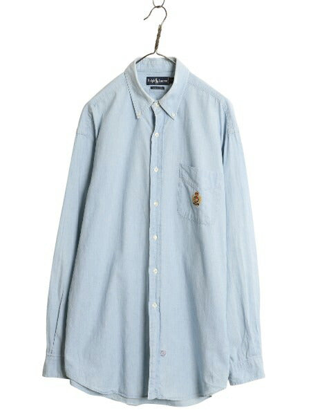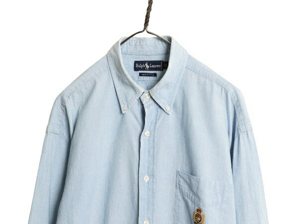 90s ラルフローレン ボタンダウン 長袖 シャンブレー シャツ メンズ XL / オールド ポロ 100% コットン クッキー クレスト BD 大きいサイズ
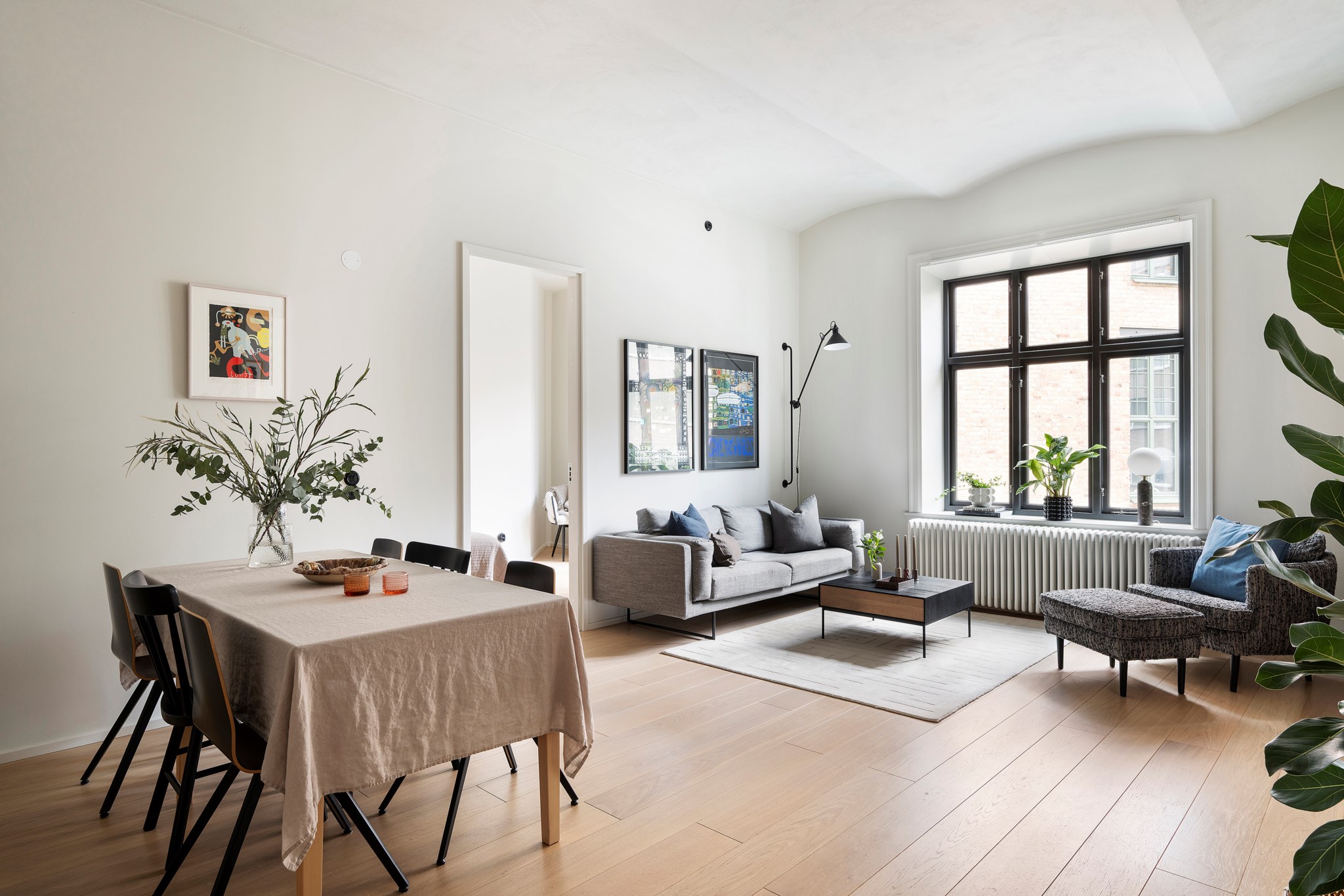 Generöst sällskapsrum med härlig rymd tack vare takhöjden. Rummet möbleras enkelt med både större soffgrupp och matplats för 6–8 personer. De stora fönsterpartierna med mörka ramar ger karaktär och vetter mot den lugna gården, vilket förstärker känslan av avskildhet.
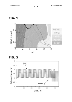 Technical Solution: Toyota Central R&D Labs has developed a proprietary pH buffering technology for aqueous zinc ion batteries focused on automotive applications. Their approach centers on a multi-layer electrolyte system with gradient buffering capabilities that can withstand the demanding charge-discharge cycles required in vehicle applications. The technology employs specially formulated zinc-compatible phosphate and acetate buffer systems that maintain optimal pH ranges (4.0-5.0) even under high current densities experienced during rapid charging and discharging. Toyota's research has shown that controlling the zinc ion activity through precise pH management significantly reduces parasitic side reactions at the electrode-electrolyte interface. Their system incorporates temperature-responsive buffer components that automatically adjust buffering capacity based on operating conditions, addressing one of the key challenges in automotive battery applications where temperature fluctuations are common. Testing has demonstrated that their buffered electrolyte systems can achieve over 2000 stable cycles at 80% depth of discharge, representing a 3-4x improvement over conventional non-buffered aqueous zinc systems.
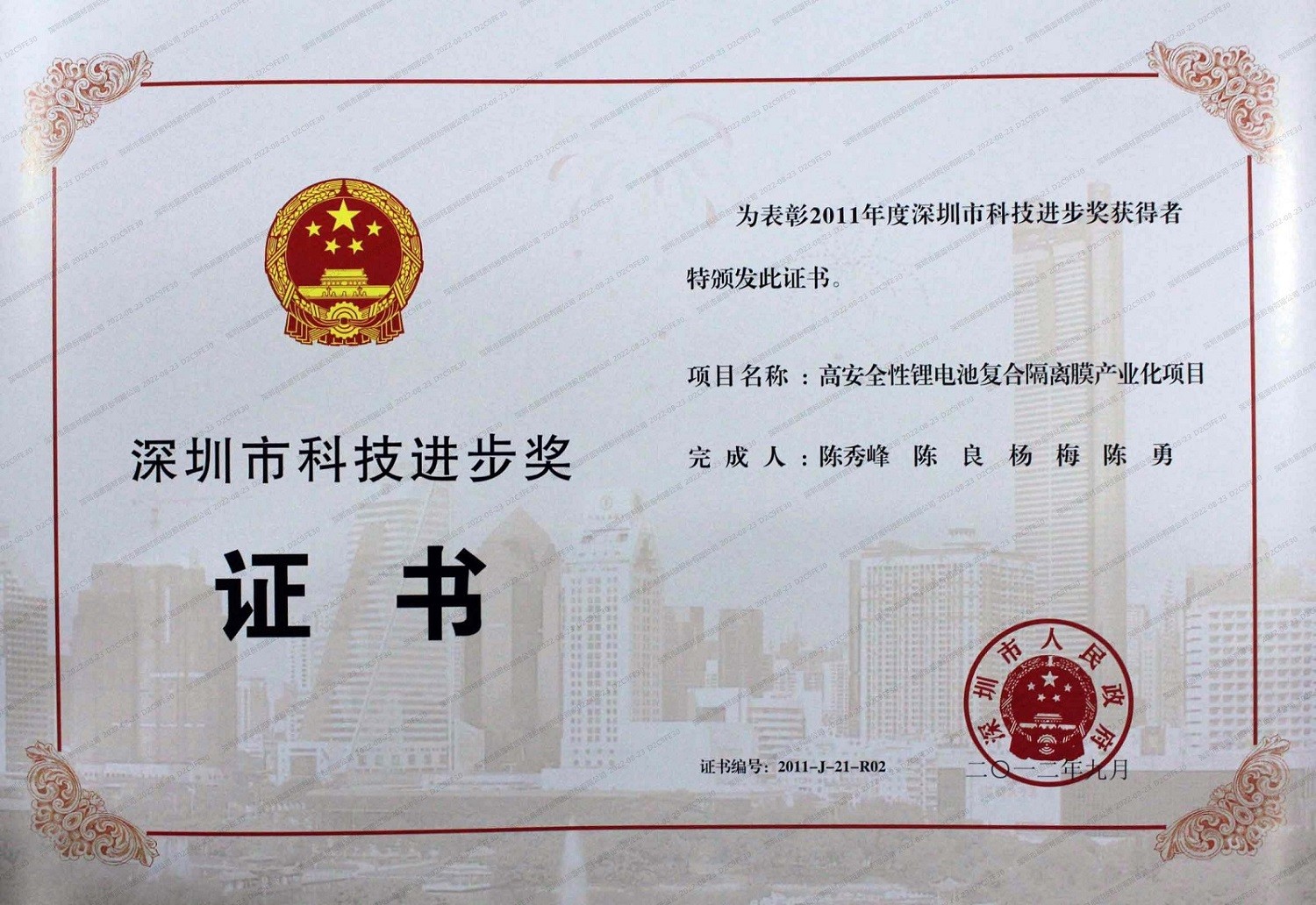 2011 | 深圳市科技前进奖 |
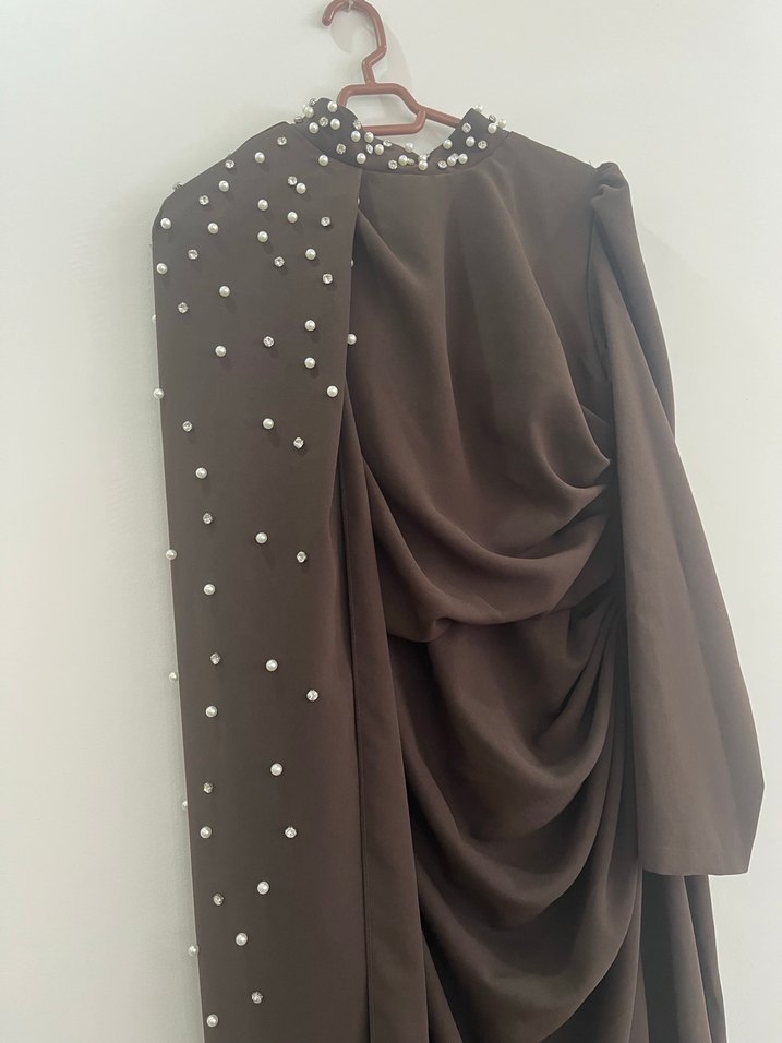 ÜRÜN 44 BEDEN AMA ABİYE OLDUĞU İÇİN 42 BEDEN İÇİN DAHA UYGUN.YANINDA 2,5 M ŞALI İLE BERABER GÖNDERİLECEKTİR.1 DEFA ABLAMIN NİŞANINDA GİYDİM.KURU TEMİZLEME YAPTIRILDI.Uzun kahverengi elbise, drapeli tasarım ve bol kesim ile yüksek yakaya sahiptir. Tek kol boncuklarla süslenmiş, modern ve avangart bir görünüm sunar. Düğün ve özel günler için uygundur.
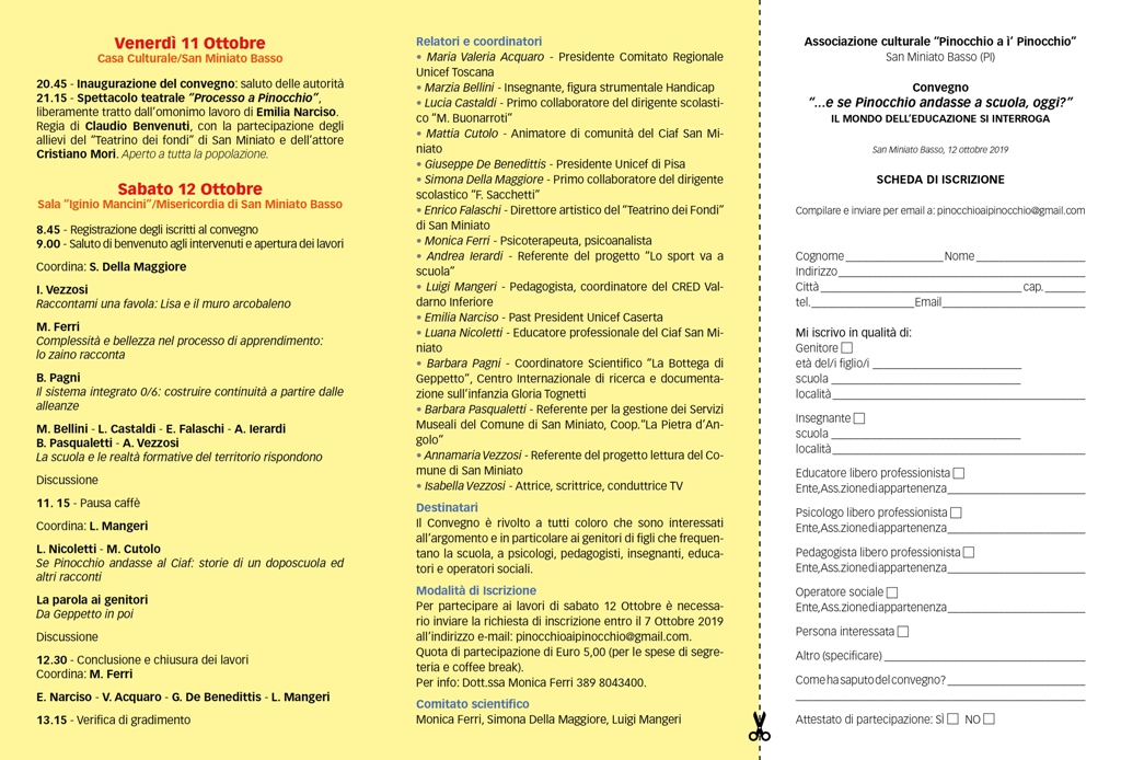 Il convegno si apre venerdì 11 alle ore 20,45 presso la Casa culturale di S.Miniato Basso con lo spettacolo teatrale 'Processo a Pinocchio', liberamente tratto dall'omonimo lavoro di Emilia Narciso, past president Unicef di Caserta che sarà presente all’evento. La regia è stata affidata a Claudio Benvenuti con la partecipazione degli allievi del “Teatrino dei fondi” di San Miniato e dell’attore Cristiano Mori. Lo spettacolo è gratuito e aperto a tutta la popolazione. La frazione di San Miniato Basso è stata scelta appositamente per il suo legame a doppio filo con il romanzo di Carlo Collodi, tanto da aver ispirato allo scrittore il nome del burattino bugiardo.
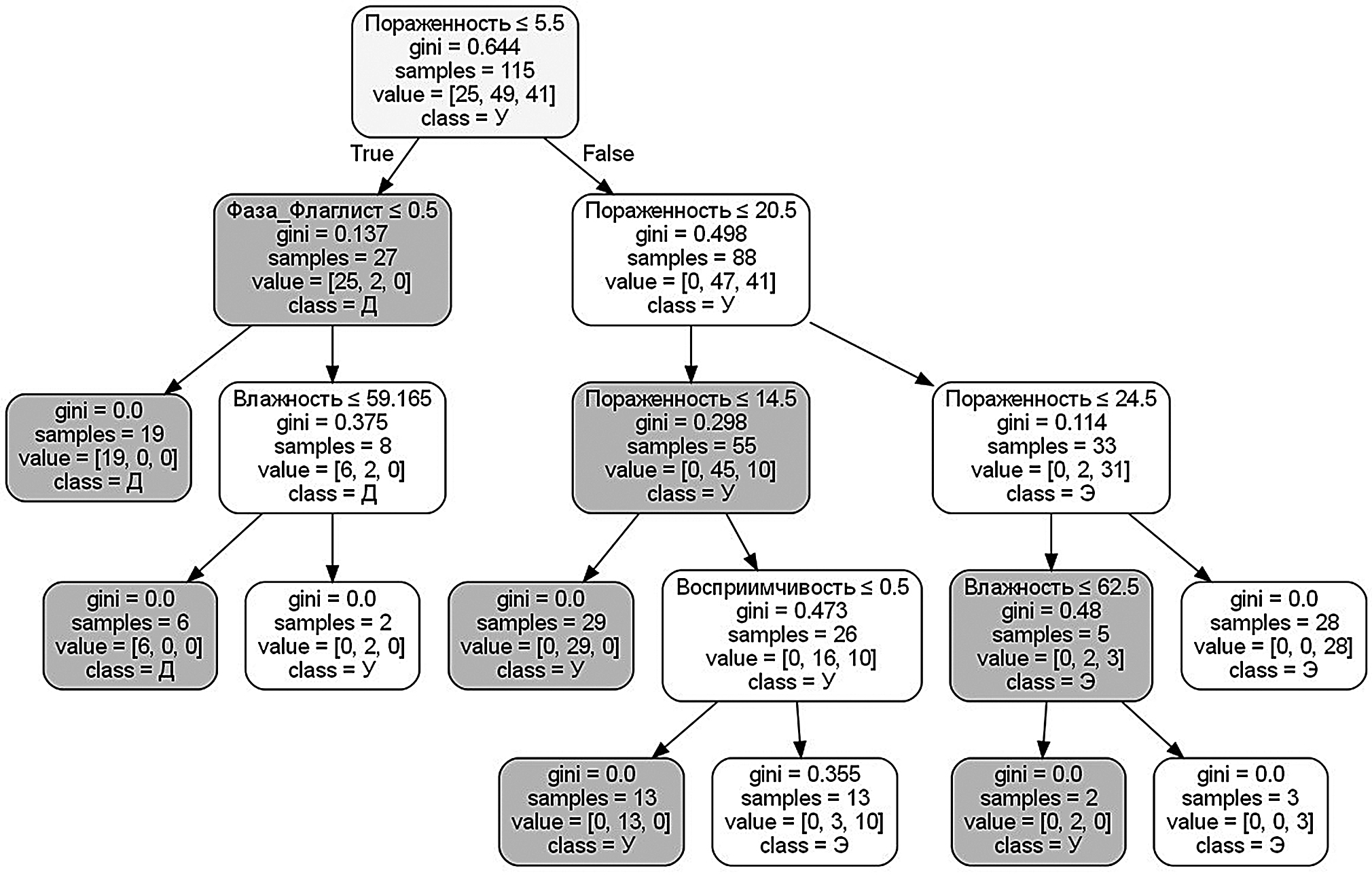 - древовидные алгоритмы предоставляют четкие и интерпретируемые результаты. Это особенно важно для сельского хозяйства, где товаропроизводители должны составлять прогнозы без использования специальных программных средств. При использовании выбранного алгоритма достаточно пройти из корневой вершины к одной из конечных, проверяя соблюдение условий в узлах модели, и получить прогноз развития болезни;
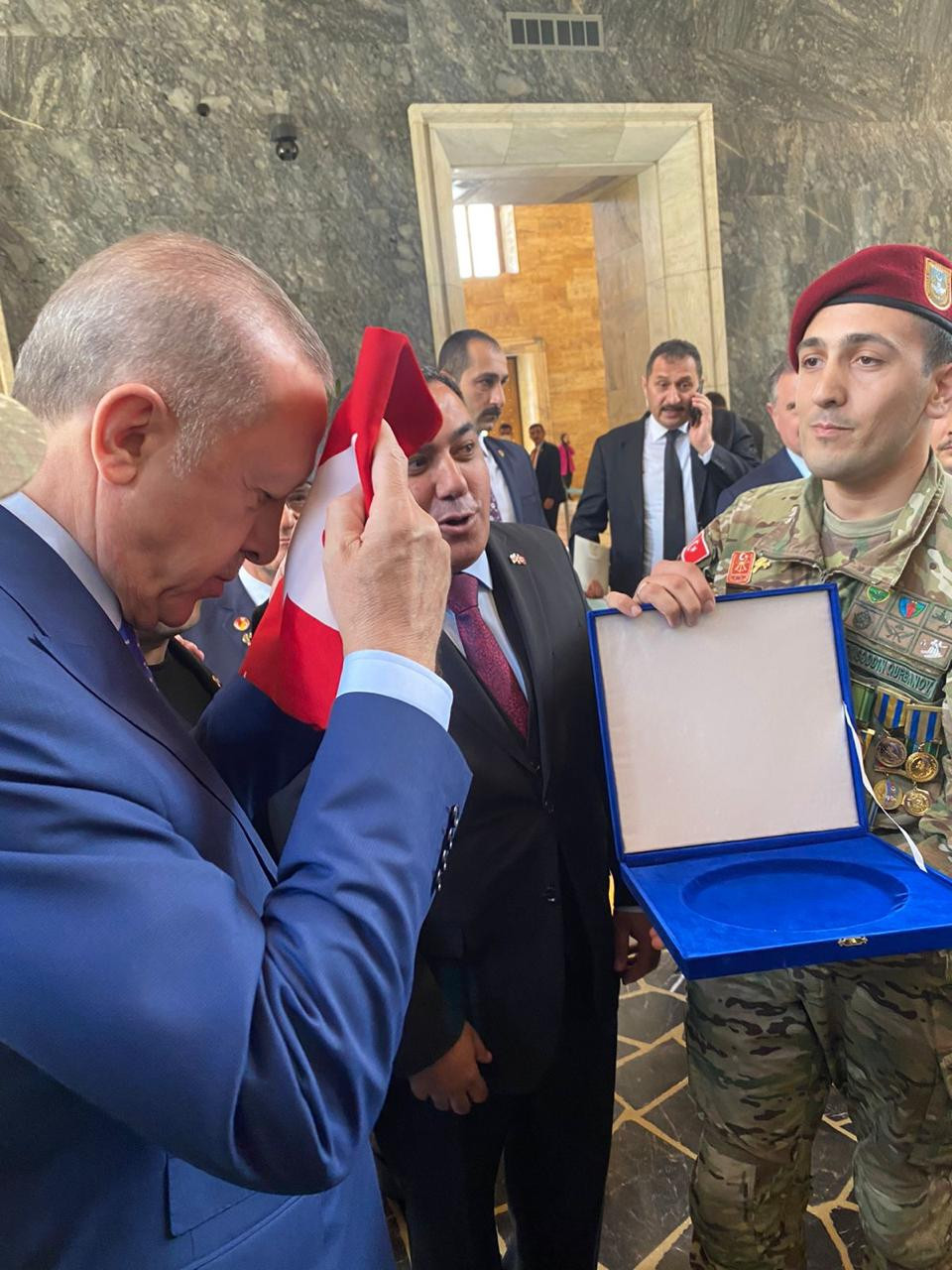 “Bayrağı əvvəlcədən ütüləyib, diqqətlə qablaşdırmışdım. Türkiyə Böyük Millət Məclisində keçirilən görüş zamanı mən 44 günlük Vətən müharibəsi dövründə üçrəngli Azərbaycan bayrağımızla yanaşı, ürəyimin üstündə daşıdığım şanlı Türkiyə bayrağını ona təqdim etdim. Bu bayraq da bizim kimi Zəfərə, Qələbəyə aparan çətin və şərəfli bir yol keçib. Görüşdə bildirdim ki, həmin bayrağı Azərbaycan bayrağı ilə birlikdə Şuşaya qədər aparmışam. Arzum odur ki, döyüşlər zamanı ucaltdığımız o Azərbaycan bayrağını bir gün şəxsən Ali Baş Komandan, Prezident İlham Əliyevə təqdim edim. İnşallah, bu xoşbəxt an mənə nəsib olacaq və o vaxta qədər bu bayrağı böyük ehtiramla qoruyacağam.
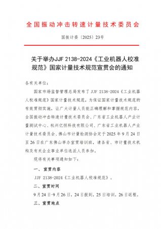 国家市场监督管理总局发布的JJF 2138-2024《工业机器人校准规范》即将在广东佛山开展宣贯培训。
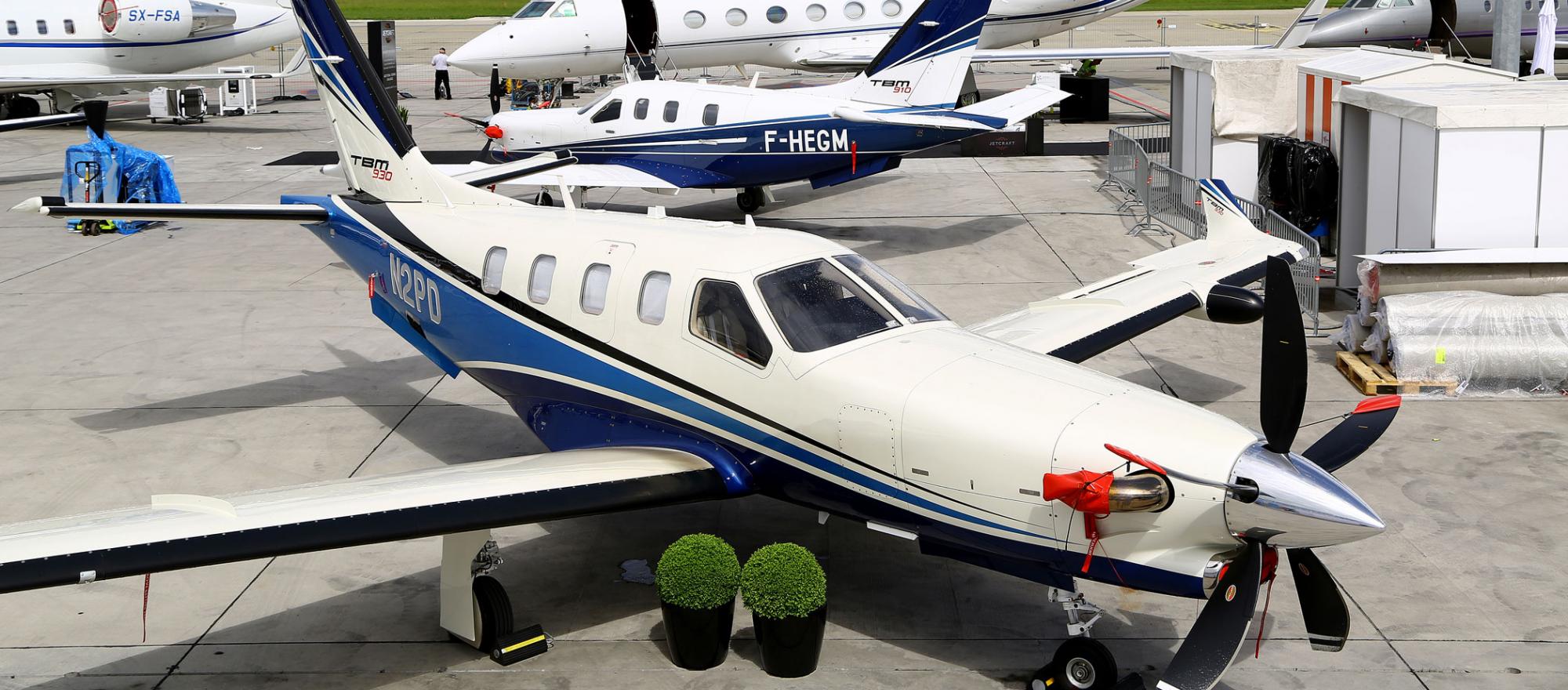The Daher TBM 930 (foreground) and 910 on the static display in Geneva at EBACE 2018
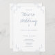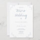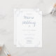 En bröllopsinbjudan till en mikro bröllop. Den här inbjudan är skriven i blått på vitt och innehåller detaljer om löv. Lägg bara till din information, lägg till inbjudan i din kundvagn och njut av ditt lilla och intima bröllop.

▶ Instructions for the task
All that should appear in the answer is the lines above from the line with "ÜRÜN 44 BEDEN" through the line with "böyük ehtiramla qoruyacağam.", retyped exactly, pictures left out.

▶ Result of this exercise
 ÜRÜN 44 BEDEN AMA ABİYE OLDUĞU İÇİN 42 BEDEN İÇİN DAHA UYGUN.YANINDA 2,5 M ŞALI İLE BERABER GÖNDERİLECEKTİR.1 DEFA ABLAMIN NİŞANINDA GİYDİM.KURU TEMİZLEME YAPTIRILDI.Uzun kahverengi elbise, drapeli tasarım ve bol kesim ile yüksek yakaya sahiptir. Tek kol boncuklarla süslenmiş, modern ve avangart bir görünüm sunar. Düğün ve özel günler için uygundur.
 Il convegno si apre venerdì 11 alle ore 20,45 presso la Casa culturale di S.Miniato Basso con lo spettacolo teatrale 'Processo a Pinocchio', liberamente tratto dall'omonimo lavoro di Emilia Narciso, past president Unicef di Caserta che sarà presente all’evento. La regia è stata affidata a Claudio Benvenuti con la partecipazione degli allievi del “Teatrino dei fondi” di San Miniato e dell’attore Cristiano Mori. Lo spettacolo è gratuito e aperto a tutta la popolazione. La frazione di San Miniato Basso è stata scelta appositamente per il suo legame a doppio filo con il romanzo di Carlo Collodi, tanto da aver ispirato allo scrittore il nome del burattino bugiardo.
 - древовидные алгоритмы предоставляют четкие и интерпретируемые результаты. Это особенно важно для сельского хозяйства, где товаропроизводители должны составлять прогнозы без использования специальных программных средств. При использовании выбранного алгоритма достаточно пройти из корневой вершины к одной из конечных, проверяя соблюдение условий в узлах модели, и получить прогноз развития болезни;
 “Bayrağı əvvəlcədən ütüləyib, diqqətlə qablaşdırmışdım. Türkiyə Böyük Millət Məclisində keçirilən görüş zamanı mən 44 günlük Vətən müharibəsi dövründə üçrəngli Azərbaycan bayrağımızla yanaşı, ürəyimin üstündə daşıdığım şanlı Türkiyə bayrağını ona təqdim etdim. Bu bayraq da bizim kimi Zəfərə, Qələbəyə aparan çətin və şərəfli bir yol keçib. Görüşdə bildirdim ki, həmin bayrağı Azərbaycan bayrağı ilə birlikdə Şuşaya qədər aparmışam. Arzum odur ki, döyüşlər zamanı ucaltdığımız o Azərbaycan bayrağını bir gün şəxsən Ali Baş Komandan, Prezident İlham Əliyevə təqdim edim. İnşallah, bu xoşbəxt an mənə nəsib olacaq və o vaxta qədər bu bayrağı böyük ehtiramla qoruyacağam.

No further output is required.